> Entries shown:

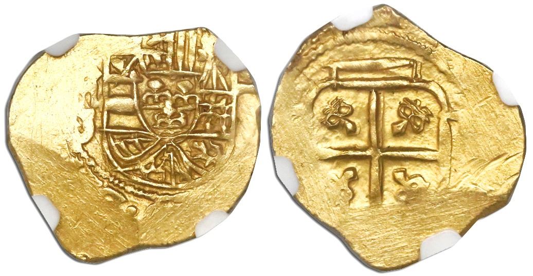 Mexico City, Mexico, cob 1 escudo, Philip V, assayer J, style of 1705-10, NGC AU 50, ex-1715 Fleet. S-M30; KM-51.1. Lustrous Mint State (despite what the slab says), with bold full shield and nearly full cross, broad flan with flat parts near edge, full assayer J. From the 1715 Fleet, pedigreed to our Auction #11, with original lot-tag #15.
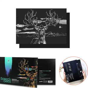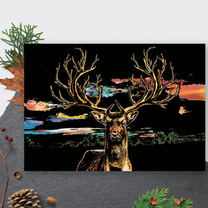 ✔️ 1 detailed scratch art card – Stag at Sunset (size: 40.5 × 28.5 cm)
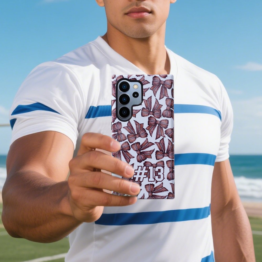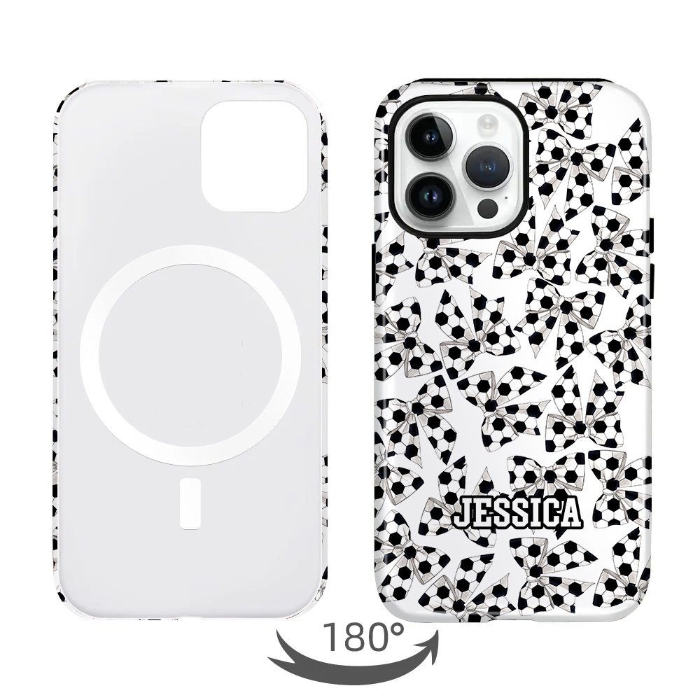 This phone case uses a design that combines a bow with ball sports, adding a playful, sporty feel to your phone case, highlighting your personality and style, and perfectly blending art and elegance. You can also customize your name or the number of the player you support to express your love for the sport.
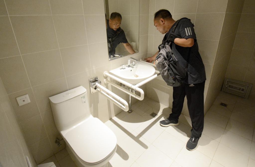 2021年7月15日,無障礙專家在北京延慶賽區(qū)冬奧村檢查室內(nèi)衛(wèi)生間無障礙設(shè)施。新華社記者 李欣 攝
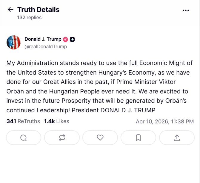 «Моя Адміністрація готова використати всю економічну міць Сполучених Штатів, щоб зміцнити економіку Угорщини, як ми вже робили це в минулому для наших великих союзників, якщо прем’єр-міністр Віктор Орбан і угорський народ коли-небудь цього потребуватимуть. Ми раді інвестувати в майбутнє процвітання, яке забезпечить подальше лідерство Орбана!».
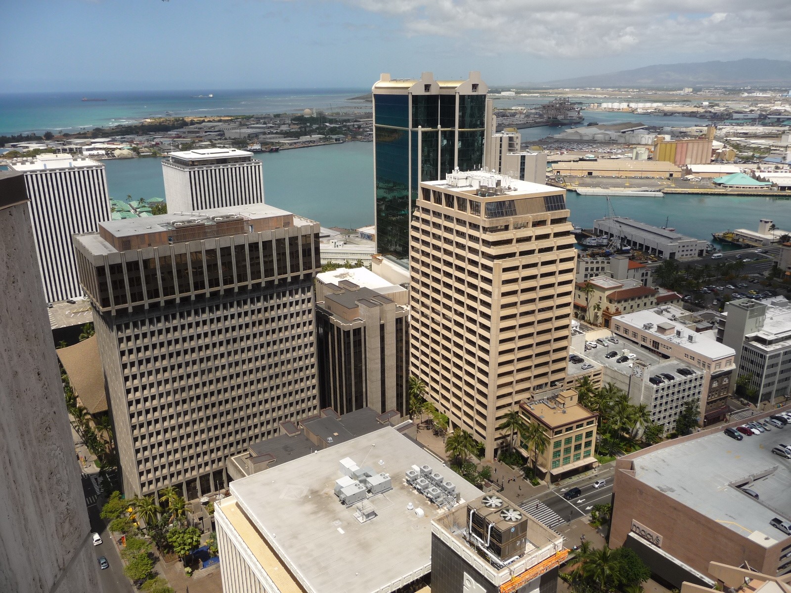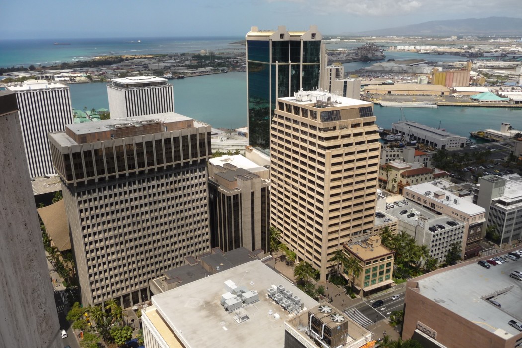 The site consists of a below- and above-grade parking structure and two commercial high rise buildings. The 30-story American Savings Tower was constructed circa 1972 and is clad with exposed, pre-cast, horizontally orientated ribbed concrete spandrel panels with cast-in decorative designs and ribbon window openings spanning the column bays. The 28-story Pauahi Tower, constructed circa 1983, is clad with travertine stone on precast concrete panels and a bronze anodized aluminum curtain wall with bronze-tinted vision glass and spandrel panels. The above-grade parking structure is constructed similar to the ASB Tower with precast and cast-in-place, decorative exposed aggregate finishes.
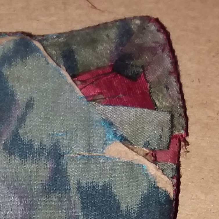 This damaged corner shows a few things. It let me see just how thin the pasteboard is on this piece. I do suggest we use the fairly standard pasteboard most of us have on the backs of notebook. There is a thicker version I like for boxes, but that would actually be too thick for this project. Along the edge of the fragment piece, you can clearly see the whip stitch used for binding the exterior and interior fabrics.
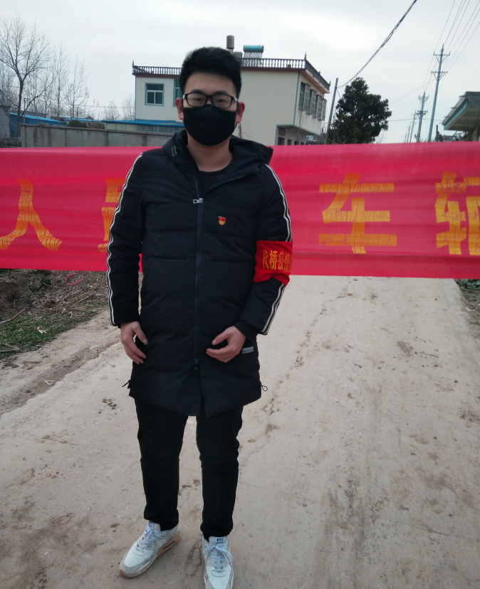 “面对这次突发疫情,作为党员,要树立大局意识,增强责任心,加强宣传,奋斗在防疫的一线。不忘初心、牢记使命,抗击疫情,我们党员在行动!”电院研究生第四党支部党员宋紫阳,响应村委会的号召,主动加入到家乡安徽省蚌埠市固镇县杨庙乡任湖村的疫情防控志愿工作中,每日8:00-18:00之间,在党员示范岗负责道路设卡检查、紧控人员流动,做好相关信息登记,为抗击疫情、保护村民健康贡献自己的力量。!

> What to produce:
Could the material above be given again exactly, pictures excluded?

> Solution below:
 Mexico City, Mexico, cob 1 escudo, Philip V, assayer J, style of 1705-10, NGC AU 50, ex-1715 Fleet. S-M30; KM-51.1. Lustrous Mint State (despite what the slab says), with bold full shield and nearly full cross, broad flan with flat parts near edge, full assayer J. From the 1715 Fleet, pedigreed to our Auction #11, with original lot-tag #15.
 ✔️ 1 detailed scratch art card – Stag at Sunset (size: 40.5 × 28.5 cm)
 This phone case uses a design that combines a bow with ball sports, adding a playful, sporty feel to your phone case, highlighting your personality and style, and perfectly blending art and elegance. You can also customize your name or the number of the player you support to express your love for the sport.
 2021年7月15日,無障礙專家在北京延慶賽區(qū)冬奧村檢查室內(nèi)衛(wèi)生間無障礙設(shè)施。新華社記者 李欣 攝
 «Моя Адміністрація готова використати всю економічну міць Сполучених Штатів, щоб зміцнити економіку Угорщини, як ми вже робили це в минулому для наших великих союзників, якщо прем’єр-міністр Віктор Орбан і угорський народ коли-небудь цього потребуватимуть. Ми раді інвестувати в майбутнє процвітання, яке забезпечить подальше лідерство Орбана!».
 The site consists of a below- and above-grade parking structure and two commercial high rise buildings. The 30-story American Savings Tower was constructed circa 1972 and is clad with exposed, pre-cast, horizontally orientated ribbed concrete spandrel panels with cast-in decorative designs and ribbon window openings spanning the column bays. The 28-story Pauahi Tower, constructed circa 1983, is clad with travertine stone on precast concrete panels and a bronze anodized aluminum curtain wall with bronze-tinted vision glass and spandrel panels. The above-grade parking structure is constructed similar to the ASB Tower with precast and cast-in-place, decorative exposed aggregate finishes.
 This damaged corner shows a few things. It let me see just how thin the pasteboard is on this piece. I do suggest we use the fairly standard pasteboard most of us have on the backs of notebook. There is a thicker version I like for boxes, but that would actually be too thick for this project. Along the edge of the fragment piece, you can clearly see the whip stitch used for binding the exterior and interior fabrics.
 “面对这次突发疫情,作为党员,要树立大局意识,增强责任心,加强宣传,奋斗在防疫的一线。不忘初心、牢记使命,抗击疫情,我们党员在行动!”电院研究生第四党支部党员宋紫阳,响应村委会的号召,主动加入到家乡安徽省蚌埠市固镇县杨庙乡任湖村的疫情防控志愿工作中,每日8:00-18:00之间,在党员示范岗负责道路设卡检查、紧控人员流动,做好相关信息登记,为抗击疫情、保护村民健康贡献自己的力量。!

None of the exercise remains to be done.